Assigned task -> Repeat verbatim what the listing holds, but not its pictures.

The data ->
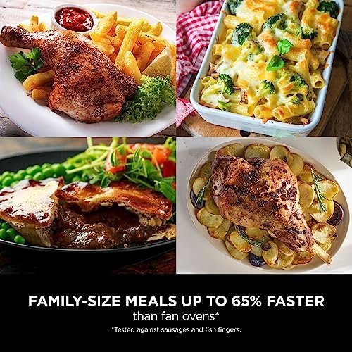 • 7 COOKING FUNCTIONS: Air Fry, Max Crisp, Roast, Bake, Reheat, Dehydrate, Prove. Quick family meals up to 65% faster than fan ovens* (*Tested against fish fingers and sausages, including preheat)
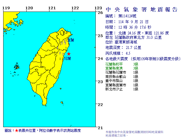 發 震 時 間: | 114年 9月21日12時36分17.6秒 |
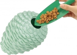 Keglen med praktisk åbning kan fyldes med foderpiller eller godbidder. Hunden får sin belønning gennem aktiv leg, som styrker naturlige instinkter og forlænger fodringstiden.

Exercise output ->
 • 7 COOKING FUNCTIONS: Air Fry, Max Crisp, Roast, Bake, Reheat, Dehydrate, Prove. Quick family meals up to 65% faster than fan ovens* (*Tested against fish fingers and sausages, including preheat)
 發 震 時 間: | 114年 9月21日12時36分17.6秒 |
 Keglen med praktisk åbning kan fyldes med foderpiller eller godbidder. Hunden får sin belønning gennem aktiv leg, som styrker naturlige instinkter og forlænger fodringstiden.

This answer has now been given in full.